Lee’s works create synesthetic situations through “highly systematic yet improvisational and provisional spaces” that connect music and visual art. They explore the possibilities of touch centered on the body while investigating the psychology of art within everyday life. Although these works may sometimes create confusion in viewers’ perception, thought, and conceptual frameworks, they deserve attention as attempts to awaken new aesthetic values.
 
While they may not always be easily comprehensible to everyone, and while their structures of assemblage are difficult to interpret through musical scales or logic, as aesthetician Yoo Eunsun writes: “By incorporating physical and psychological constraints directly into the work, Lee allows the everydayness of life to naturally permeate art. Opposing conventional architectural designs optimized for efficiency according to function and circulation, she designs spaces in which one continuously loses one’s way and wanders. Through this process, she disrupts the routines of daily life and offers viewers both physical and psychological liberation. At the same time, Lee’s site-specific installations possess an ambivalent quality: they reveal invisible or hidden spaces while simultaneously partitioning existing open space.”
 
When these elements are juxtaposed and layered within a single space, the existing audiovisual system collapses and a new domain emerges.
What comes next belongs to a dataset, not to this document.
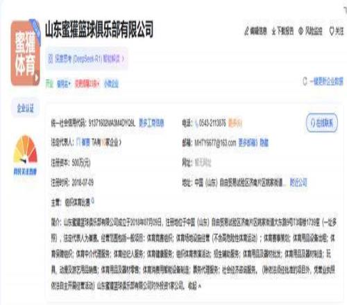 公开资料显示,山东蜜獾篮球俱乐部成立于2018年,总部位于济南,注册资本500万元,法人代表崔赛。该公司经营范围:体育竞赛组织、赛事策划、体育用品制造与销售等。
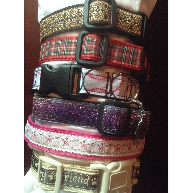 We love our dogs because they are each unique. So why not a collar/leash set as unique as your beloved pet. This USA Made, artist created dog collar is excellent quality and should fit 20-50 lb Dogs BUT, please measure your pets neck. Collar will fit 11Ó-15". Lead is 58" long. Both 1" wide. Super strong. Double stitched high fashion. If you like this pattern other sizes available on request. 30 day returns for any reason and we pay return shipping. Hand Crafted in USA. Shipped Priority

Within this process also lies the meaning of division, restriction, and blockage that runs counter to the conventional function of structural stability. As viewers trace the images of the “possibility of incompatibility,” they dismantle the bodily and conceptual frameworks through which they have previously situated themselves within particular categories, while simultaneously encountering a new order. In many ways, this resonates with a semantic system akin to hermaphroditic coexistence—reflecting the contradictory, opposing, yet harmonious nature we often encounter in life.
 
In recent years, Lee’s practice has expanded considerably compared to her earlier works. As can be seen in the works presented in this exhibition at OCI Museum of Art, her approach may be said to move toward newly structuring space. Traversing both New Zealand and Korea, her work encompasses internal narratives while extending beyond cultural and physical communication, site-specificity, and even intangible temporality. In this sense, it can be understood as a narrative grounded in perceptual and cognitive experience as it passes through multiple types of spaces containing time, space, and relationality.
 
Perhaps for this reason, although I was unable to see the actual installation works prior to the exhibition while preparing this essay, the various materials sent by the artist—centered on the theme “Monochrome”—suggest that through Yona Lee’s site-specific installations, transposed spaces, and architectural installations, we will encounter unfamiliar experiences emerging from the familiar spaces and objects of everyday life. In time, we may also come to experience how these spaces, like cultivated fields, continuously transform through countless situations and responses.